The quality of farm-fresh eggs appealed to all of the chicken farmers.

"Store-bought eggs from caged hens are usually very yellow and the yolks are very flat, which is because they're older," Simonson said. "A farm fresh egg has a very circular yolk that stands up in a nice ball and it's much oranger."

The Garretts said reading about how commercial chickens are kept — packed into a small space where they live and die — reinforced their desire to keep their own chickens.

"They're just egg-laying machines," Kristin Garrett said of commercial chickens.

Raising backyard chickens is not a money-making proposition, chicken raisers agreed.

"You could probably buy eggs for less than it costs to feed your chickens, but they bring you joy in so many other ways," Bob Garrett said. "Just being with them, learning about them, watching them."

"The little hens are so sweet and endearing and amusing, and there's something very ... calming about watching them do their thing," Kristin Garrett said.

Q: What kind of shelter and pen do they need?

A: The chicken house should have 1 square foot of floor space per bird, plus nest boxes and roosts, University of Maryland Extension Educator Jeff Semler said. They should also have an outside run where they can get outside and scratch the ground, he said. 5 feet by 5 feet is an adequate run size for most residential situations, he said.

The Grays built their 4-foot-by-6-foot chicken coop from plywood and shingles. It has a roughly 12-foot-by-12-foot run surrounded by a 6-foot-high fence.

IntVeldt bought her roughly 6-foot-by-8-foot chicken tractor — a small hen house on wheels — from the Pennsylvania Dutch Market in Hagerstown. She uses a portable fence that can be moved around with the tractor to prevent the chickens from picking one patch of grass clean.

The Garrets' hen house, a 10-foot-by-10-foot space, was converted from an old smoke house. They let their chickens have free range of their 10-acre property during the day.

Q: Where do I get the chickens?

A: Simonson said her family orders shipments of newly-hatched chicks by mail.

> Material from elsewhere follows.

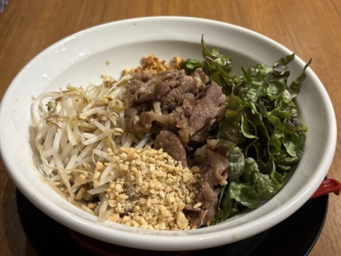 豊富なメニューの中からいただいのは、混ぜフォー(ベトナム油そば)。

They must be ordered in batches of at least 25, so they can keep each other warm, and arrive in cartons with holes, she said.

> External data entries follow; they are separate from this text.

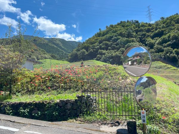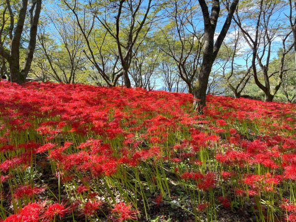 彼岸花群生地がある場所は、一時期、耕作放棄地となって産業廃棄物が捨てられるなど荒れていたそう。そこで、地元の方が40年ほど前に桜の木を植え、その後30年ほど前には彼岸花の球根を植え、今では春は桜、秋は彼岸花がきれいに咲き誇る名所になっています。地元の方の土地を守る思いがあってこその美しい場所だったことを知って私はさらに感動しました。
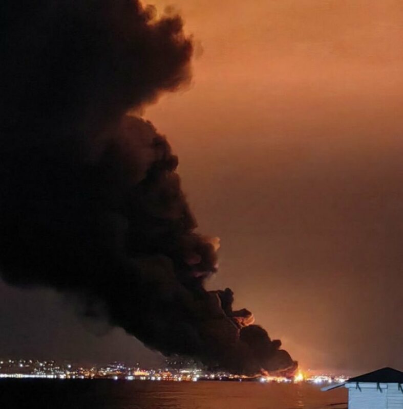 克里米亚费奥多西亚(Feodosia)港遭乌克兰无人机袭击的油库火势仍未扑灭。图:翻摄自 X
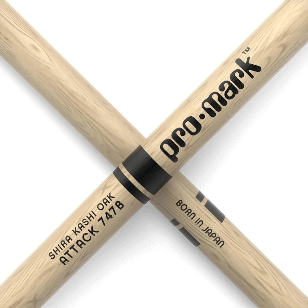 The ProMark Classic Attack 747B drumstick features an oval tip shape, short taper, and dense Shira Kashi Oak, producing a forward-weighted feel with increased power and durability.
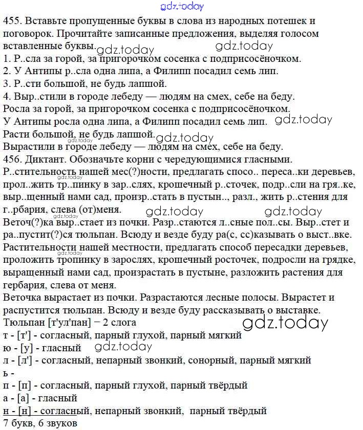 На страницах сайта gdz.today вы найдете учебный и вспомогательный материал, направленный на улучшения знаний школьной программы. ГДЗ - онлайн мир знаний Часть 2. Решение к упражнениям 455 Учебнику по Русскому языку для 5 класса Баранов, Ладыженская Просвещение, Просвещение 2016, 2019
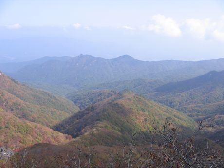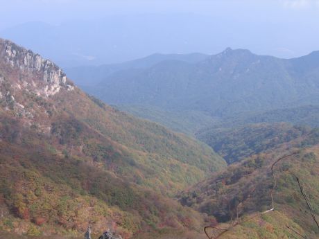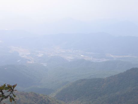 팔공산의 정상 동봉에서 아래로 구비구비 펼쳐진 계곡들을 내려다 본다.

"That's like my favorite time, is when we go to the post office in Frederick or Hagerstown and the postmasters are always like, 'Come get your box because the peeping's driving us crazy!'" Simonson said.

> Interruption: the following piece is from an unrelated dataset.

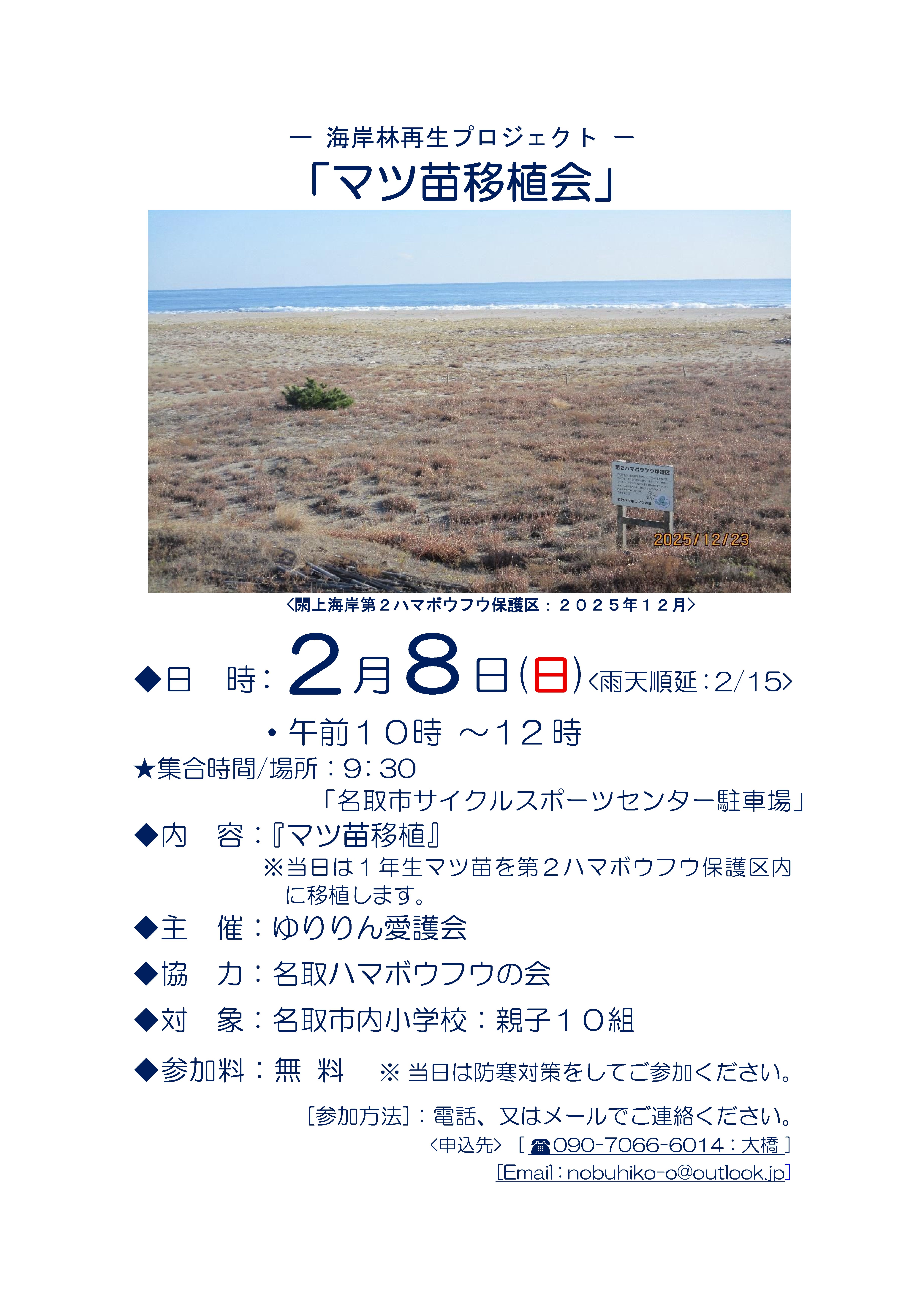 「マツ苗移植会」 2026年2月8日(日)開催します!

Smaller numbers of chickens can be purchased from local farmers or from farm supply stores. The Grays said they bought their chickens from Tractor Supply Co. in Hagerstown.

The Garretts recommended Chickenstock, a buy-sell-trade event at the Martinsburg, W.Va., Tractor Supply Co. scheduled for Sept. 24. More information is available at:

Q: What care do they need?

A: "They're surprisingly really easy to take care of," Kristin Garrett said. "They're very low-maintenance. If you want to start out with a farm animal, that's the one to choose first because they're very easy."

"Matter of fact, they're less trouble than a dog," Semler said. "You don't have to find someone to chicken-sit. Make sure they've got plenty of water, make sure their feeder's full, go away for the weekend."

IntVeldt said she tends her chickens three times a day. She lets them out in the morning and gives them food and water. In the afternoon, she collects eggs and throws out some grain for the birds to "scratch," or rake for in the dirt. After dark, when the chickens have gathered in the coop to roost, she simply closes the doors.

For others, the care routine is even simpler. The Garretts have water and feed dispensers that they fill about once a week. And the Simonsons have a livestock guard dog that stays with their chickens, so they don't close them up in the coop.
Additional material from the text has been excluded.